# If a 0.614 g sample of a gas maintains a pressure of 238 mm Hg when contained in a 1.0L flask at 0.0°C, what is the gases molecular weight?

Nov 20, 2015

The molecular weight (molar mass) in g/mol is $\text{44.0 g}$.

#### Explanation:

We first need to use the ideal gas law to determine the moles of the gas. Then we will divide the given mass by the calculated moles.

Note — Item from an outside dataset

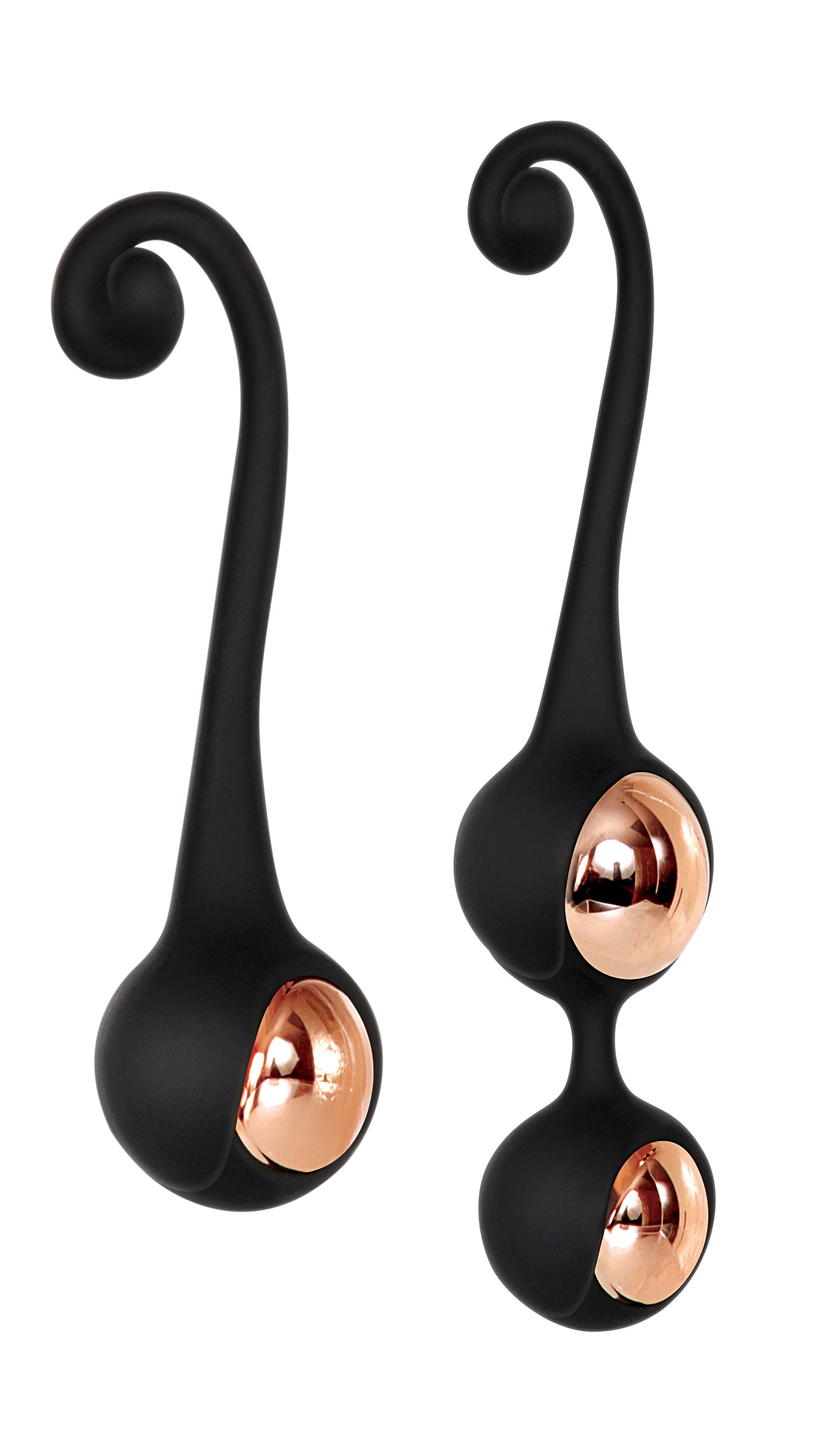 Enjoy more intense intimate pleasure and stronger orgasms with this luxurious kegel training kit. Simply slip one or two balls inside and squeeze your muscles around them to strengthen, tighten, and tone. As you move you'll feel weights inside each ball roll, giving you an intense natural massage. Wear under clothes as your sexy secret, or during a spanking for extra-naughty fun. Two silky silicone sleeves and three interchangeable sizes and weights let you experiment with every level of excitement. Gorgeous rose gold finishes and curvy retrieval hooks add elegant style. Clean your kegel balls easily with Adam & Eve Toy Cleaner and a warm water rinse.

The equation for the ideal gas law is $P V = n R T$.

Given
$\text{mass"="0.614 g}$
$P = \text{238 mmHg"="238 torr}$
$V = \text{1.0 L}$
$T = \text{0.0"^"o""C"+273.15="273.15 K}$
$R = \text{62.363577 L torr K"^(-1) "mol"^(-1)}$
https://en.wikipedia.org/wiki/Gas_constant

Unknown
moles of gas

Solution
Rearrange the equation for the ideal gas law to isolate $n$, then solve.

$n = \frac{P V}{R T}$

n=((238cancel"torr")xx(1.0cancel"L"))/((62.363577cancel"L" cancel"torr" cancel("K"^(-1)) "mol"^(-1))xx(273.15cancel"K"))="0.01397 mol"

Determine molecular weight in g/mol by dividing the given mass by the calculated moles.

$\text{molecular weight"=(0.614"g")/(0.01397"mol")="44.0 g/mol}$

This could be carbon dioxide gas, as it has a molar mass of $\text{44.0 g/mol}$.